Model Access During the MVP Trial

The Writers Factory is designed to run Cloud-First for the best creative results.

Standard Track (Cloud):
- Bring Your Own Key: Required for premium US models (Claude Sonnet, GPT-4o, Grok).
- Best Value (Included): Gemini 2.0 Flash is provided with embedded keys - no setup required. It wins on value score (quality 9, ~$0.19/1M avg tokens) and the orchestrator automatically selects it for “balanced” tier tasks.
- Keys Included: Gemini 2.0 Flash + European/Asian models are provided for all course modules.
Expert Track (Local):
- Ollama Integration: Advanced users with powerful hardware (16GB+ RAM, NVIDIA GPU, or Apple Silicon) can run local models.
- This is now an opt-in feature found in Settings > Advanced > Expert Mode.
- Hardware Scan: The application will auto-detect your system specs and recommend safe models (e.g., stopping you from loading a 70B model on a laptop).

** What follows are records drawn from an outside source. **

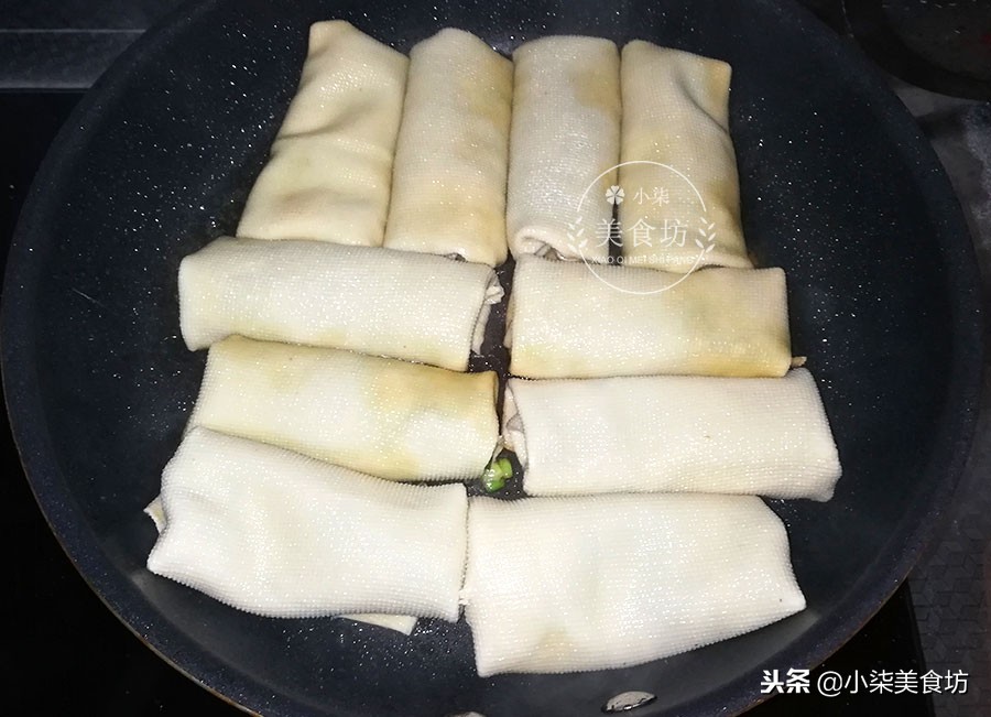 第十步:平底锅抹少许油,小火加热,放入卷好的豆腐皮锅贴。
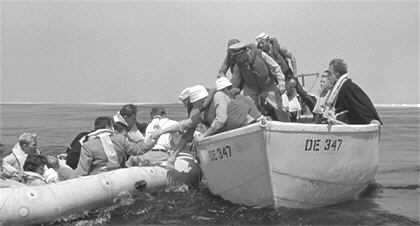 The emergency exits are thrown open and the inflatable rafts deployed. The passengers scramble out, climbing awkwardly into the rafts. As they push away from the floating plane, the launch from the destroyer arrives.
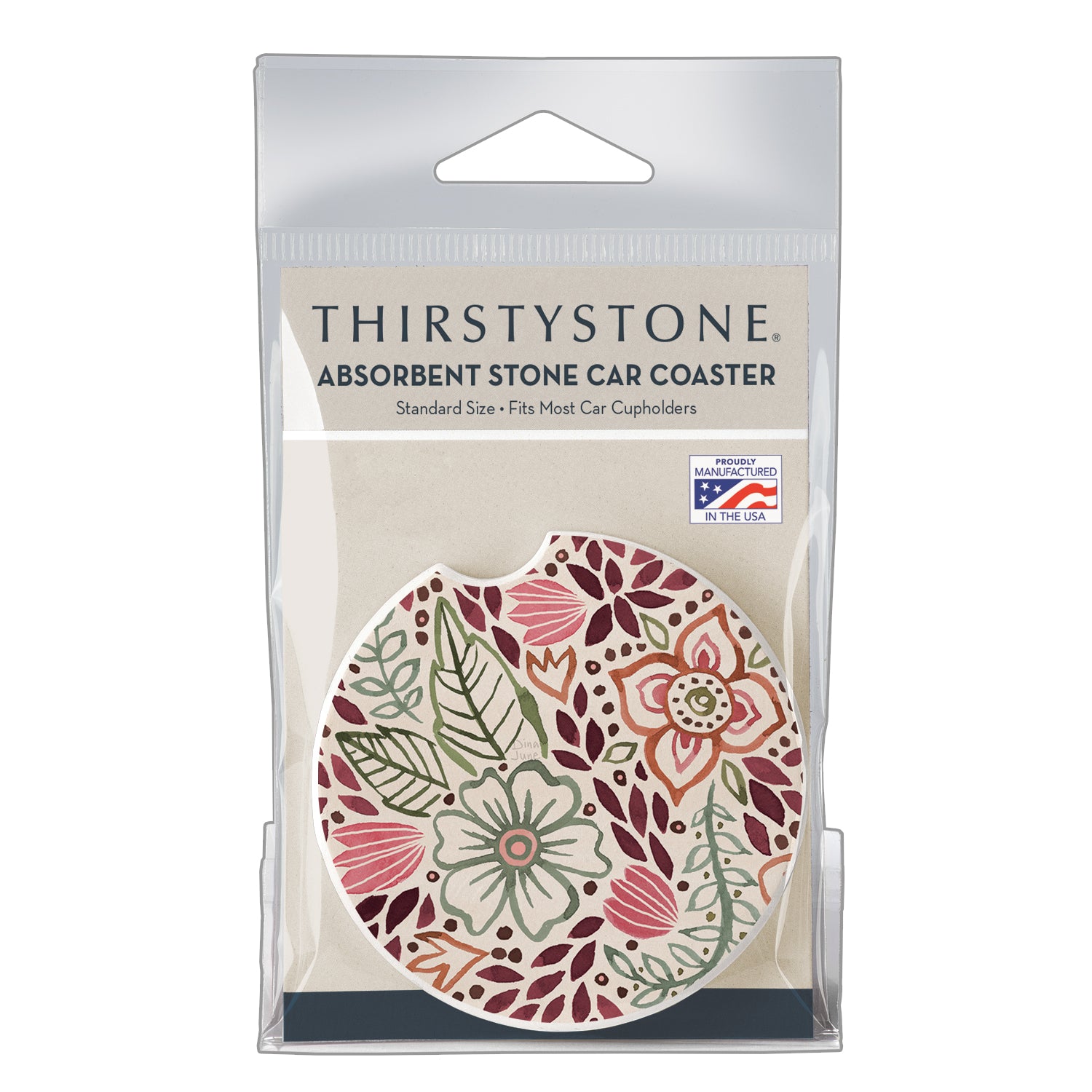 Thirstystone Floralscape Single Absorbent Stone Coaster for Vehicle Cup Holder 2.6” Diameter Manufactured in The USA
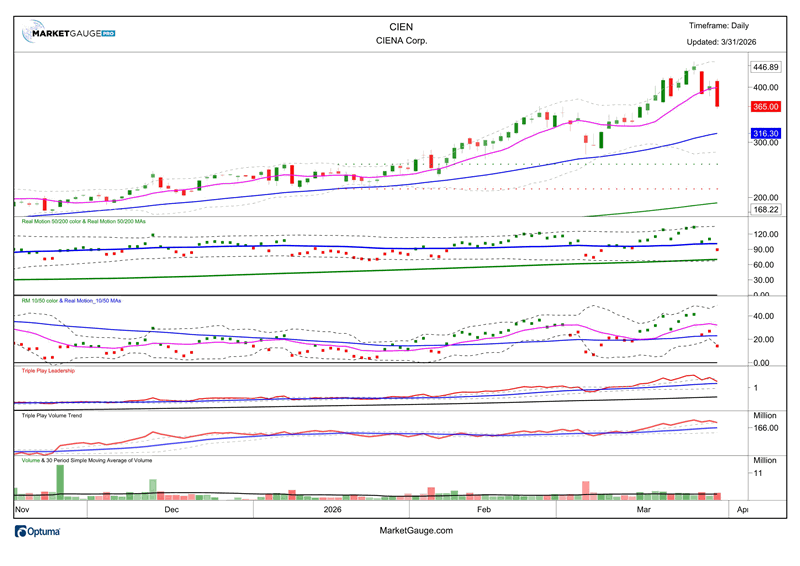Leadership and volume trend remain bullish and while the Real Motion momentum measures have turned negative, they are at levels that are likely to be support. If CIEN gets back over its 10 DMA and $400, it’s likely that everything will be lined up for a continued move higher.
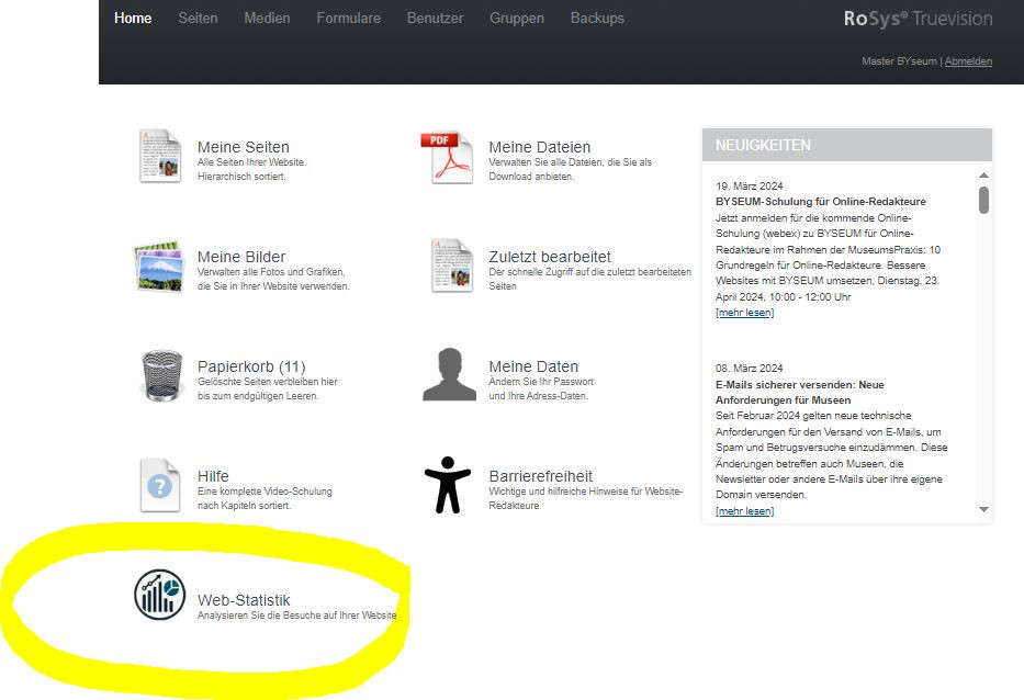 Nach der letzten BYSEUM-Schulung "10 Grundregeln für Online-Redakteure" wurde beschlossen, um die Nutzung der standardmäßig integrierten Datenverkehrsanalyse mit Matomo (ehem. Piwik) zu fördern, im Backend von BYSEUM einen Direktzugriff über das Dashboard zu ermöglichen. Dieser ist nun erfolgreich umgesetzt!
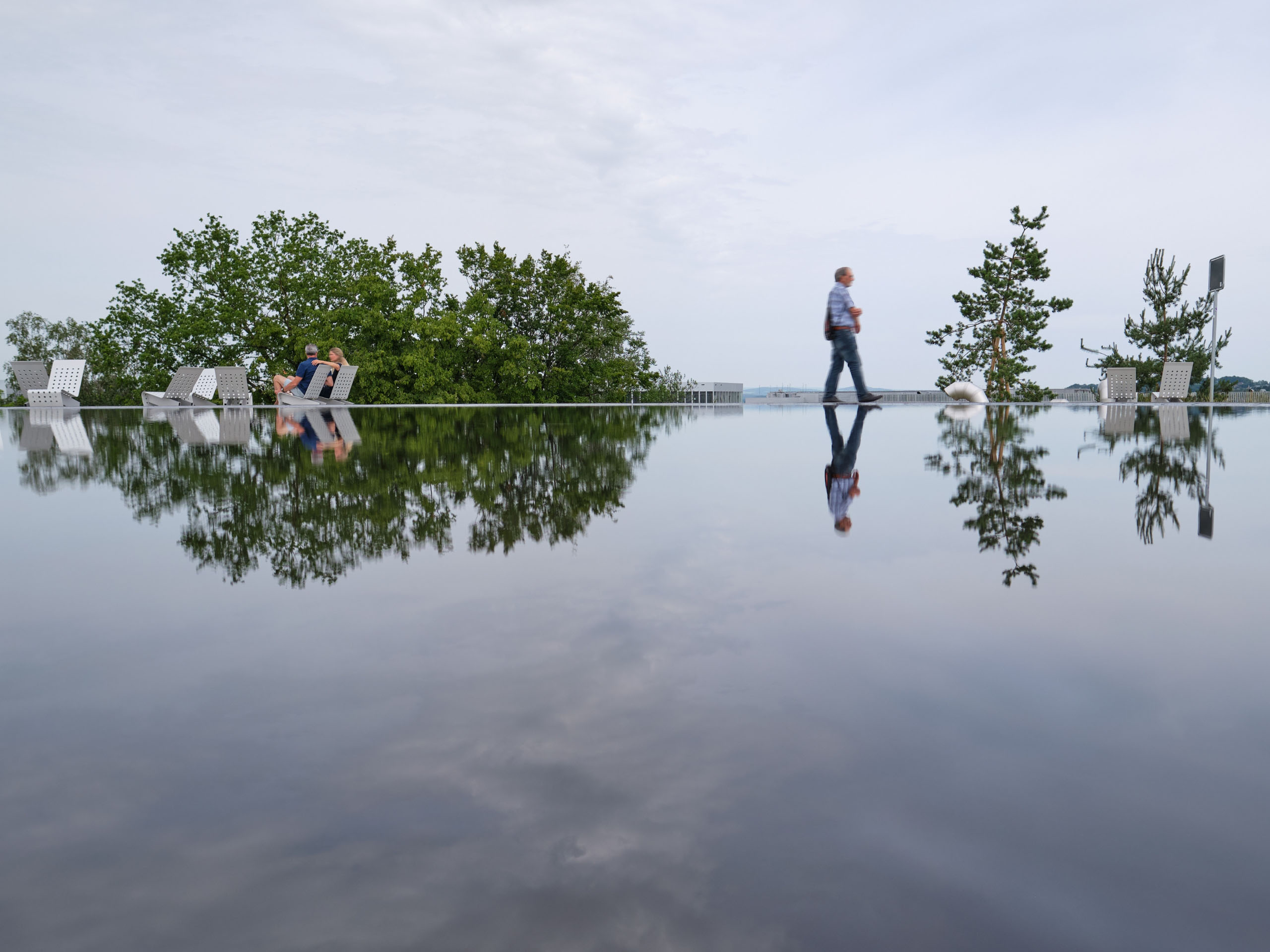 "Golden Hour" nennt sich die Zeitspanne kurz vor dem Sonnenuntergang – sie bietet sich prima für einen Abstecher in den Circle Park an. Mit der Standseilbahn oder zu Fuss erreichst du in wenigen Minuten den höchsten Punkt des Parks, die Himmelsplattform. Von dort aus kannst du bei klarer Sicht die Alpen bestaunen und für einen Moment die Welt um dich herum vergessen.
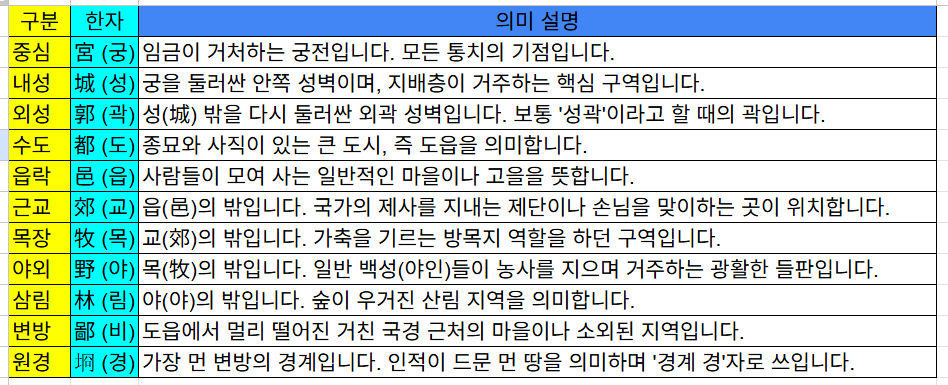 《이아(爾雅)》의 〈석지(釋地)〉 편과, 국가의 제도와 관직을 기록한 《주례(周禮)》의 주석 등에서 찾아볼 수 있습니다. 특히 《이아》에 성문 밖의 구역을 점진적으로 확장하며 정의하고 있습니다.
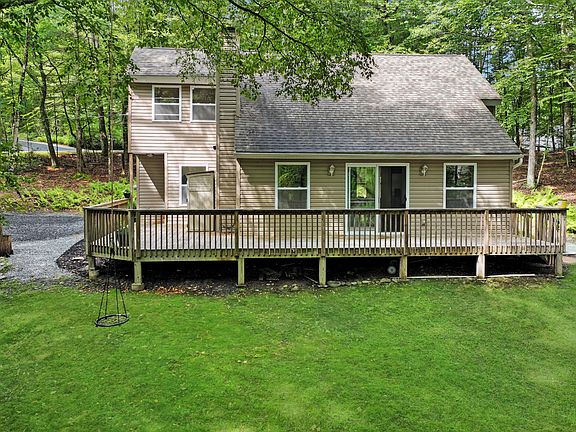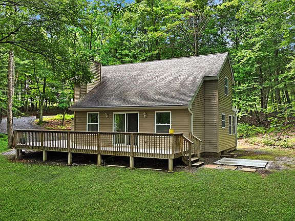 RETREAT TO THE WOODS IN THE MARVELOUS 3 BEDROOM (2 BONUS ROOMS), 2.5 BATHROOM HOME! This property offers numerous upgrades and enhancements, making it an ideal choice for those seeking comfort and convenience. The sellers have added a spacious front deck and a washer and dryer, along with a brand-new $1,500 hot water heater featuring a 10-year warranty. The exterior boasts a new stone planter, plants, pillars with solar lights, and a fire pit, complemented by fresh driveway gravel. The crawl space and attic are fully insulated, and a 200v electric box has been installed for a hot tub, ensuring readiness for future additions. Nestled in a natural setting with mature trees, lovely moss, ferns, and a deep forest feel, this property offers the tranquility of wildlife and privacy while being conveniently close to amenities. The open floor plan features high ceilings and a magnificent brick-faced fireplace, providing a cozy and spacious living area filled with natural light. Located in the desirable Shohola Elementary School district within the Delaware Valley School District, this home also benefits from low taxes, enhancing its appeal. The highly sought-after gated community provides an array of amenities, including a pool, lake, pond with a beach, garbage dump, security, and engaging holiday events and activities for kids. Inside, the home features hardwood floors, cherry cabinets, stainless steel appliances, beautiful stone counters, a tile backsplash, and under-cabinet lighting. The modern, fresh, and clean paint color palette adds to the overall charm and elegance of the interior. The first-floor primary bedroom includes his and her closets, and a versatile bonus room on the main floor could serve as a fourth bedroom or an office. The second floor offers two more large bedrooms with a Jack and Jill bath, providing ample space for family or guests.

Full Model Index (by Region)

— US (Bring Your Own Key) —

OpenAI (GPT-4o, o1-preview)
Anthropic (Claude Sonnet 4)
xAI (Grok)

— MVP Trial (Keys Included) —

These models are provided free during the course trial:

Google (Gemini 2.0 Flash) - Best value score, default for balanced tier
DeepSeek (DeepSeek V3 / R1)
Alibaba (Qwen 2.5)
Moonshot (Kimi)
Zhipu AI (ChatGLM)
Mistral AI (Mistral Large, Pixtral)
Yandex AI (YandexGPT 5.1 Pro) - Best for Russian

— Local Models (Advanced) —

For privacy or offline use, you can run models on your own machine.

Setup: Go to Settings > Local Models to scan your hardware.
Smart Recommendations: The app will detect your RAM/GPU and only show models that fit your system (e.g., hiding 70B models on laptops).
Ollama Required: You must install Ollama first. The settings panel will guide you through this.

Common configurations:

Llama 3 (Standard 8B) - Requires ~5GB RAM
Mistral (Standard 7B) - Requires ~4GB RAM
Mixtral (High-End 8x7B) - Requires ~24GB RAM

Note: For the “One-Week Novel” course, we strongly recommend using a Cloud model (even a cheap one) over a small local model. 3B parameter models often struggle with narrative consistency.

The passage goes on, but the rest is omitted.